Over the past week, we saw highly volatile movements within the single European currency. The market reached a high of 1.0197, but was later affected by a sharp correction that took the pair down towards the levels at around 0.9950. There, we saw repeated attempts by the bulls to break through the resistances at around 1.0000, but with no success. The attempts of the bears to breach the bottom below 0.9950 were also fruitless. This week, we expect streams of important events that could lead to even greater volatility. On Wednesday, we will await the decision of the U.S. Federal Reserve on its main interest rate and the follow-up market reaction to the expected increase by another 0.75%. Then, on Friday, we will follow the EU managers’ estimates on manufacturing and services. Today, however, there are no scheduled events that are expected to move the EUR/USD in any fundamental way. Whether the pressure will continue and whether the level at 0.9950 will be breached remains to be seen later this week. However, a possible negative reaction to the dollar should not be ruled out as well.
On Wednesday last week, the Ninja’s attempt to breach its previous high of 144.93 failed, and by the end of the week, the currency pair was locked in a narrow range between 143.60 and 142.60. The dollar is calling the shots so far, so the most important data in the coming days will be the Fed’s decision to raise the key interest rate in the U.S. by another 0.75% on Wednesday. Usually, the reaction is positive for the dollar and we will likely see an extension of the rally against the yen that has not stopped since the beginning of the year, but divergences in Fed expectations could shake the dollar and result in a deeper correction than the one we witnessed just a few trading sessions ago. Let’s also not forget the interest rate decision from Japan’s BoJ, which is expected this Thursday. No changes in the policy of the Japanese central bank are expected, but surprises here should not be ruled out still. Today is an official non-working day in Japan, so support for the currency is expected to be weak.

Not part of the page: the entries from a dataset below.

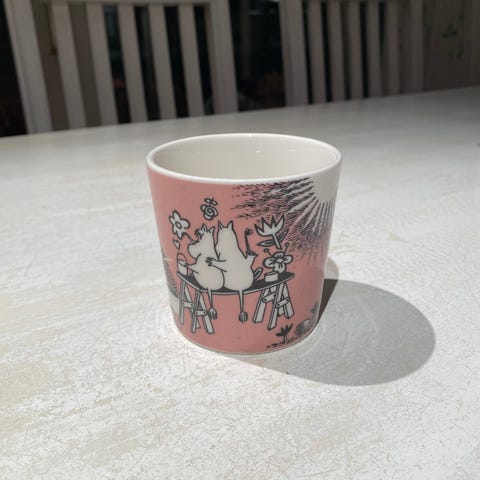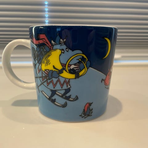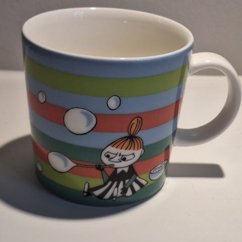 Mummikopp 'Mummi flytter' selges. Spøkelsesstempelet under sier at den ble produsert i august 2013. Kan sendes, men på kjøpers ansvar.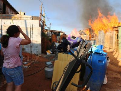 Imagens do Globocop mostraram diversos focos de incêndio, que se alastra pelo terreno. A fumaça pode ser vista de longe e o Corpo de Bombeiros está no local. Alguns moradores retiraram seus móveis, como berço e cama.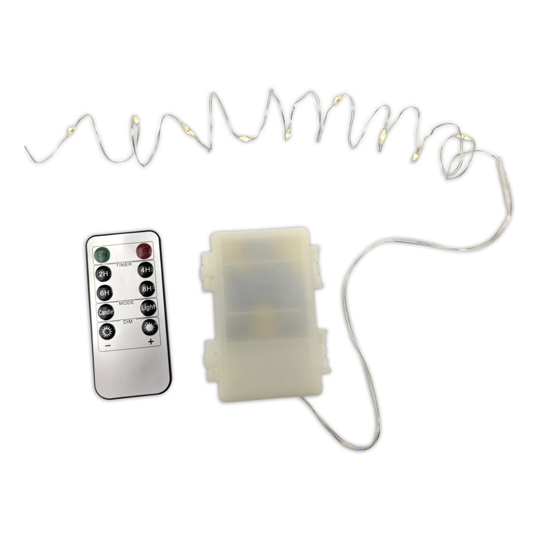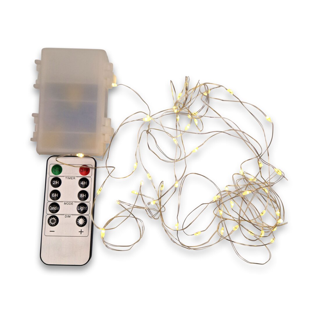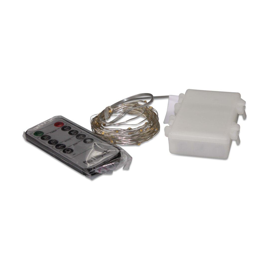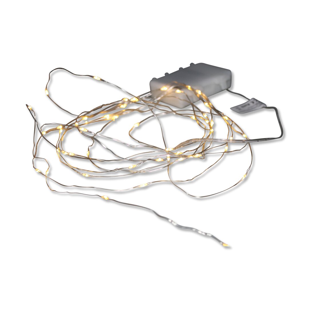 Micro LED-Lichterkette mit Fernbedienung, silber, Batterie, Outdoor, warmweiß, 5 m

The Cable continued its downtrend from last week. After seeing a weekly high of 1.1736 on Tuesday, it looks like the bears have found good entry points as they took full control over the pair right until the end of the week. A few hours before the end of the last trading session for the week, we saw a new bottom at 1.1348. There, the pair stabilised and managed to end the session at about 80 pips higher than the local bottom. This week, on Thursday, the Bank of England will also announce its main interest rate decision, but not before the Fed’s decision on Wednesday. The BoE is expected to raise its rate by 0.50%. Rumours of both a larger and a smaller interest rate hike are both present, so the reaction to the data should be closely monitored. The downtrend is strong, but a potential interest rate hike could stabilise the currency pair and we could see sharp upward corrections.
Last week, the EUGERMANY40 got off to a decent start by reaching a high of 13567, but as with the other instruments mentioned in today’s analysis, the downward corrections did not wait. We saw a sharp decline and a consolidation at around 13000, but the key level did not hold and another bear attack followed, which found its bottom at 12690. The German index therefore failed to reach a new bottom and did not confirm its downtrend. Important to its direction this week will be the German managers’ assessment of manufacturing, which we will see on Friday at 07:30 GMT. We also see a high correlation with the U.S. indices which, in turn, are expected to be affected by the U.S. interest rate decision on Wednesday.
The blue-chip index also started last week with some recent gains and reached the key level of 32500. However, what followed was one of the most aggressive bear attacks in the last quarter. The declines in some shares were so big that trading on the exchange was halted for a couple of minutes. .A consolidation followed, which lasted for almost three days. However, this was followed up by yet another bear attack that resulted in a new low of 30542. The downward pressure is high due to expectations this week that the Fed will raise its main rate on Wednesday at 12:30 GMT) by another 0.75 basis points, or up to 3.25%. Much of this decision is already baked into the market, but if we see a surprising decision from the Fed, then the market’s reaction could also be unexpected. While the probability of the trend to continue its decline is high, aggressive and tempting upward corrections should not be ruled out as well.